Les scientifiques affirment qu’il est possible d’obtenir de précieux résultats de recherche avec le big data. Les critiques déplorent qu’il soit possible de gagner beaucoup d’argent avec la violation de la sécurité des données.

La technologie du big data permet d’établir des liens insoupçonnés. Ainsi, dans le domaine de la médecine, l’analyse de ces grands volumes de données peut permettre de sauver des vies. Exemple : les infections représentent un grand risque pour les bébés prématurés. Il est donc important de détecter les infections avant qu’elles ne se déclenchent. Les scientifiques canadiens ont collecté de grandes quantités de données sur les bébés prématurés dans lesquelles étaient visibles des motifs évoquant une infection imminente. Grâce à ces informations, un traitement peut être commencé 24 heures avant que les symptômes de l’infection ne se déclarent. Des informations tirées de l’exploitation du big data ont également été utilisées pour la lutte contre la malaria et la polio.

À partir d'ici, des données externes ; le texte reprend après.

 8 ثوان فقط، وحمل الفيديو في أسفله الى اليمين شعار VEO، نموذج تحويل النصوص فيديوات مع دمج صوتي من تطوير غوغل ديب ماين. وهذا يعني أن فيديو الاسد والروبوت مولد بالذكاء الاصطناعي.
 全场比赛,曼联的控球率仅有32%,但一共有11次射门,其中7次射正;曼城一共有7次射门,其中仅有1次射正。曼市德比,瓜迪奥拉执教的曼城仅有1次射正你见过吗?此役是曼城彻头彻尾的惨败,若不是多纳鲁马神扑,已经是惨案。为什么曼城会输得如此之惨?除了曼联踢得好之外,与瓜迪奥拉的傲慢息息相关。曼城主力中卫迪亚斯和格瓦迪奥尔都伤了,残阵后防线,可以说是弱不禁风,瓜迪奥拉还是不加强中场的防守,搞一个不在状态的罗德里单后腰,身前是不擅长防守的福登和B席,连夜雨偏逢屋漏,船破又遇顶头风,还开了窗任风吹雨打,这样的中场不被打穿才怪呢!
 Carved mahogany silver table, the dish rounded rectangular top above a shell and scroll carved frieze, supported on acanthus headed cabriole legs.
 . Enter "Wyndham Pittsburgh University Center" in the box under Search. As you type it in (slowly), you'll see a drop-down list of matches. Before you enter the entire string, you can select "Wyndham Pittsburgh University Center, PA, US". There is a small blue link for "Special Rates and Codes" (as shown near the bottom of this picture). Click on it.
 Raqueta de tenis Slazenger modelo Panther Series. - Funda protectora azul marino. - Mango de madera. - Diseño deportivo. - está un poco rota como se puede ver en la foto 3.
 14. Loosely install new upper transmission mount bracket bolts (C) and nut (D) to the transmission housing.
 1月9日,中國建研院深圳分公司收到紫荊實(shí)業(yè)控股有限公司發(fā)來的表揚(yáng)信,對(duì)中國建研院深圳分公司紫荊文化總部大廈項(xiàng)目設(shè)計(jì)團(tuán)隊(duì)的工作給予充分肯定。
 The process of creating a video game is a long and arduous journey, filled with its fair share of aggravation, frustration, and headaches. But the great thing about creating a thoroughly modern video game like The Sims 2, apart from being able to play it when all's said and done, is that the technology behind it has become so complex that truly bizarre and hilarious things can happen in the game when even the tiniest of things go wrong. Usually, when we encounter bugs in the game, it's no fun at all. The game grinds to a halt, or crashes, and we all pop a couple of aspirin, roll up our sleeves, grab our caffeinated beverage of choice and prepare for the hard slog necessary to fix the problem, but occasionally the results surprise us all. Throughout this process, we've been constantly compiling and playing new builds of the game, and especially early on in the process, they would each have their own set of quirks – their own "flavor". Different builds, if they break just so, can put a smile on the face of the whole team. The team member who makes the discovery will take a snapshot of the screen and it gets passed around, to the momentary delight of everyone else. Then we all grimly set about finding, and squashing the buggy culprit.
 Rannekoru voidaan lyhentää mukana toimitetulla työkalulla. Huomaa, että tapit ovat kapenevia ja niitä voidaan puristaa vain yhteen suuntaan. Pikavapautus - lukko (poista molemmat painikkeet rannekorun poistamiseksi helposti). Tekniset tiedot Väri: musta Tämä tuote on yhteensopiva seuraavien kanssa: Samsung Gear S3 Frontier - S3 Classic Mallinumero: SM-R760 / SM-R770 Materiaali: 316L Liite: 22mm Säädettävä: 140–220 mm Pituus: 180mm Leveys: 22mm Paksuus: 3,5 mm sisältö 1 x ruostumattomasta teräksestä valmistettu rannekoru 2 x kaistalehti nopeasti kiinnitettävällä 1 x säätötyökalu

Auparavant, lorsqu’il n’y avait pas tout ce déluge de données, la collecte et l’analyse des données étaient coûteuses, il fallait souvent se satisfaire d’échantillons et on pouvait extraire beaucoup d’informations à partir de peu de données. Toutefois, avec la diminution des coûts de stockage, le volume de données a été multiplié par cent entre 1987 et 2007 (Google traite un pétaoctet de données par jour) et devrait être encore décuplé d’ici 2020 au niveau mondial. De plus, les grandes quantités de données peuvent être traitées avec moins de rigueur. Ainsi, un algorithme plus rudimentaire fournit de meilleurs résultats avec un déluge de données qu’un algorithme plus intelligent avec un plus petit volume de données. Auparavant, il fallait réfléchir à des questions avant de commencer à collecter des données. Aujourd’hui, les données sont d’abord collectées, puis les questions sont posées ; c’est un changement de paradigme.

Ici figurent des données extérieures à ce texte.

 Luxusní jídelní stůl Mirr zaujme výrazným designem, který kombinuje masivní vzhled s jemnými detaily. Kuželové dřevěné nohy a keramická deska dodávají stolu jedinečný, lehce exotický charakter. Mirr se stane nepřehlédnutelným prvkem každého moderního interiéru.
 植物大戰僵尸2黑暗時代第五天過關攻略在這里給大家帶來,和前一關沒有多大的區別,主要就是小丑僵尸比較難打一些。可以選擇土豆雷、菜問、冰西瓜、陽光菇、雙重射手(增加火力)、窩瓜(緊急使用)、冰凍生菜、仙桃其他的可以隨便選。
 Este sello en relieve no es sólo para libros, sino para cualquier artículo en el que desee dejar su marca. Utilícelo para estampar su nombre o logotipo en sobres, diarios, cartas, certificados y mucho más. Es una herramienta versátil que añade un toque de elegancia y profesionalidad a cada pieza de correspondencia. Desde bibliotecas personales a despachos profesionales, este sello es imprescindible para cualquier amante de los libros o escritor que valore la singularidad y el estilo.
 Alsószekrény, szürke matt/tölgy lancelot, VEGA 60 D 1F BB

Cependant, ces nombreuses opportunités entraînent aussi des risques variés. Ainsi, dans plusieurs États américains, le big data est désormais exploité pour lutter contre la criminalité : une analyse des grandes quantités de données est effectuée afin de montrer si une personne peut être mise en liberté conditionnelle et quel est le risque de récidive. Ce n’est pas rien, car cela revient à dire que ce n’est pas nous qui contrôlons le big data, mais le big data qui nous contrôle. Un autre problème tient au fait que tout le monde ne peut pas acquérir des connaissances à partir de collections de données, mais seuls les géants d’internet.

Grâce à l’analyse de grandes collections de données, les entreprises peuvent obtenir des renseignements sur leurs clients sans leur poser des questions. C’est une bonne chose pour l’entreprise, mais il est difficile de trouver des exemples où les résultats du big data sont bénéfiques pour le client. Par exemple, si vous recherchez une voiture, l’analyse du big data peut recommander les véhicules de couleur orange, car ils ressortent le moins souvent dans les statistiques d’accidents. Pour autant, elle ne dit rien de l’état technique d’un véhicule donné.